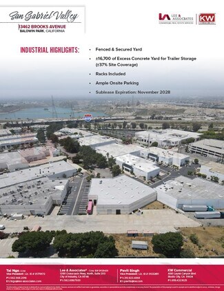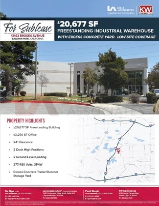 Freestanding distribution warehouse with secured excess concrete yard. Immediate freeway access to the 605, 10, 60 and 210 freeways.
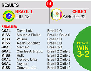 Belo Horizonte, June 29 Before the penalties Julio said, hit them with confidence and I’ll stop three,” said Brazil’s captain Thiago Silva. “It was preordained. Chile were a great team but we found strength. The most important thing is that the group is united, independent of any mistakes.” After the game Cesar said the result would lift the whole nation. “I’m very, very happy. I believe the Brazilian people just needed this,” he said. “We all needed this. We all knew it was going to be a very tough game. Chile deserve all our respect and that’s the way it’s going to be. I just hope the games that come now aren’t decided by penalties, otherwise our friends and families might have heart attacks,” he added. “This is something I’ve been saying over and over again. Many people were challenging my being selected. This shows I was well training for the World Cup. I must thank Felipao and the staff for all the training they have done for me. After what happened in 2010 I see how may people are just cheering for me and hoping for me after what happened.” Cesar referred to the quarter-final against the Dutch four years ago when he misjudged a cross for Holland to equalise — they went on to win. “After the [last] World Cup, to be labelled as the villain, it was very bad. I got the support of my family, who just supported me. This gives me the necessary strength. I apologise if I talk too much. I am trying to sum up four years’ work.” Suffered a lot, says NeymarBarcelona forward Neymar said afterwards that he had gone through emotional torment during the game. “We really suffered. It was pure emotion,” he said. “My tears after the game were of happiness. We know that it was not one of our best matches but the desire to win and get through to the next round that we showed was huge. It was the most I have ever suffered in football. Today I had everything. I took a knock, I had cramp. Now all I want to do is rest.” — Agencies |
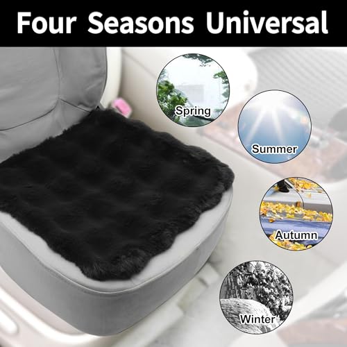 X AUTOHAUX もこもこカーシートクッション 可愛い・おしゃれシートカバー 運転席 助手席 後部座席 軽自動車 ロングファー 座布団 車用シート滑り止め フワフワ ベージュ 2枚セット(運転席+助手席)
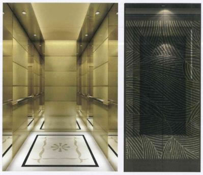 轎門:鈦金鏡面蝕刻       層門:香檳金鏡面蝕刻
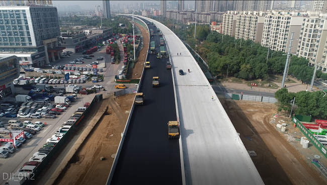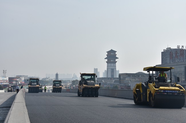 迎賓大道高架橋,作為本項(xiàng)目的控制性工程,為項(xiàng)目最長(zhǎng)的一座高架橋,全橋共39跨,其中預(yù)制箱梁35跨315片、鋼箱梁4跨48段,該橋全長(zhǎng)1272.5米。本次左幅瀝青攤鋪為中面層6厘米厚AC-20C,共計(jì)16000㎡。下一步,項(xiàng)目部將進(jìn)行上面層4厘米厚AC-13C瀝青攤鋪、右幅瀝青攤鋪以及伸縮縫安裝、標(biāo)線施工、路燈安裝等后續(xù)工作。
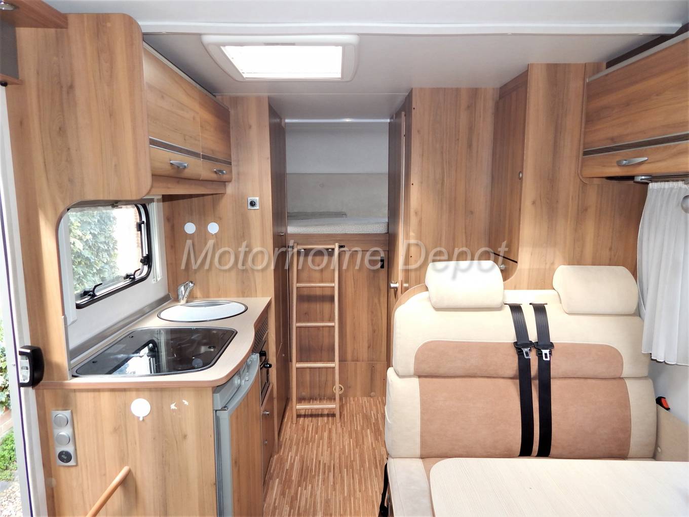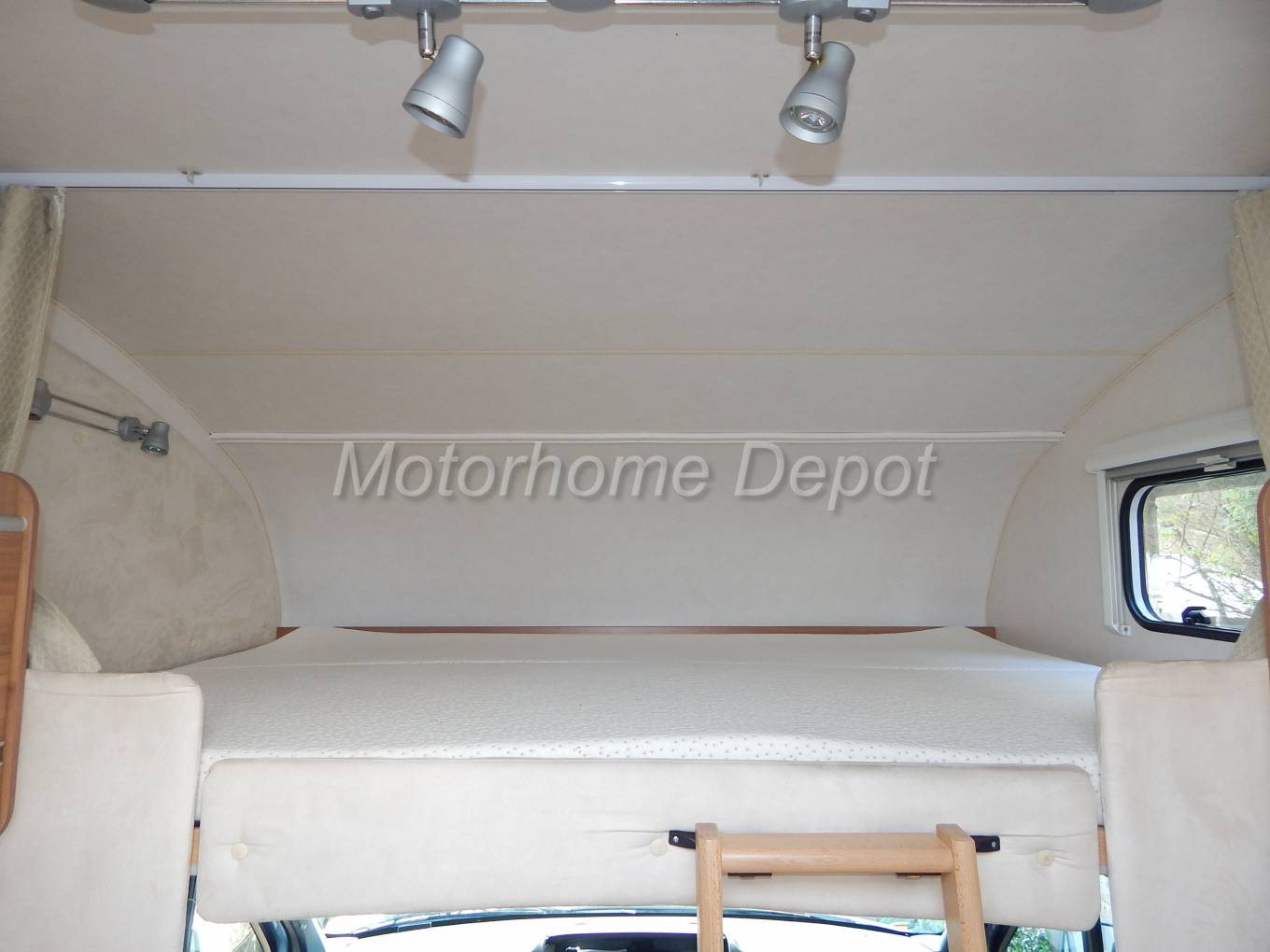 To the rear is the twin single bunks over garage which can be accessed via a ladder. A clever design features is that if you don’t require the use of the bottom bunk then it can be folded up out of the way so you can store more kit in the large garage.
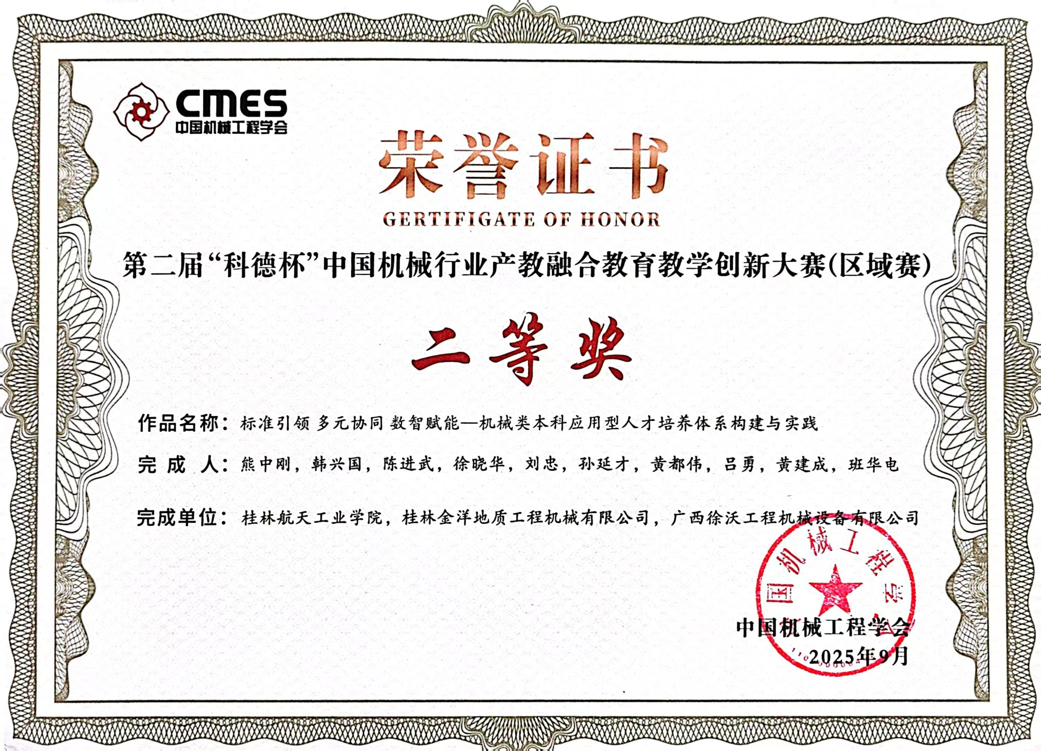 2025-11【喜报】机电工程学院在第二届“科德杯”中国机械行业产教融...

▸ Task:
Please output the entries above exactly, leaving out every picture.

▸ Task output:
 Freestanding distribution warehouse with secured excess concrete yard. Immediate freeway access to the 605, 10, 60 and 210 freeways.
 Belo Horizonte, June 29 Before the penalties Julio said, hit them with confidence and I’ll stop three,” said Brazil’s captain Thiago Silva. “It was preordained. Chile were a great team but we found strength. The most important thing is that the group is united, independent of any mistakes.” After the game Cesar said the result would lift the whole nation. “I’m very, very happy. I believe the Brazilian people just needed this,” he said. “We all needed this. We all knew it was going to be a very tough game. Chile deserve all our respect and that’s the way it’s going to be. I just hope the games that come now aren’t decided by penalties, otherwise our friends and families might have heart attacks,” he added. “This is something I’ve been saying over and over again. Many people were challenging my being selected. This shows I was well training for the World Cup. I must thank Felipao and the staff for all the training they have done for me. After what happened in 2010 I see how may people are just cheering for me and hoping for me after what happened.” Cesar referred to the quarter-final against the Dutch four years ago when he misjudged a cross for Holland to equalise — they went on to win. “After the [last] World Cup, to be labelled as the villain, it was very bad. I got the support of my family, who just supported me. This gives me the necessary strength. I apologise if I talk too much. I am trying to sum up four years’ work.” Suffered a lot, says NeymarBarcelona forward Neymar said afterwards that he had gone through emotional torment during the game. “We really suffered. It was pure emotion,” he said. “My tears after the game were of happiness. We know that it was not one of our best matches but the desire to win and get through to the next round that we showed was huge. It was the most I have ever suffered in football. Today I had everything. I took a knock, I had cramp. Now all I want to do is rest.” — Agencies |
 X AUTOHAUX もこもこカーシートクッション 可愛い・おしゃれシートカバー 運転席 助手席 後部座席 軽自動車 ロングファー 座布団 車用シート滑り止め フワフワ ベージュ 2枚セット(運転席+助手席)
 轎門:鈦金鏡面蝕刻       層門:香檳金鏡面蝕刻
 迎賓大道高架橋,作為本項(xiàng)目的控制性工程,為項(xiàng)目最長(zhǎng)的一座高架橋,全橋共39跨,其中預(yù)制箱梁35跨315片、鋼箱梁4跨48段,該橋全長(zhǎng)1272.5米。本次左幅瀝青攤鋪為中面層6厘米厚AC-20C,共計(jì)16000㎡。下一步,項(xiàng)目部將進(jìn)行上面層4厘米厚AC-13C瀝青攤鋪、右幅瀝青攤鋪以及伸縮縫安裝、標(biāo)線施工、路燈安裝等后續(xù)工作。
 To the rear is the twin single bunks over garage which can be accessed via a ladder. A clever design features is that if you don’t require the use of the bottom bunk then it can be folded up out of the way so you can store more kit in the large garage.
 2025-11【喜报】机电工程学院在第二届“科德杯”中国机械行业产教融...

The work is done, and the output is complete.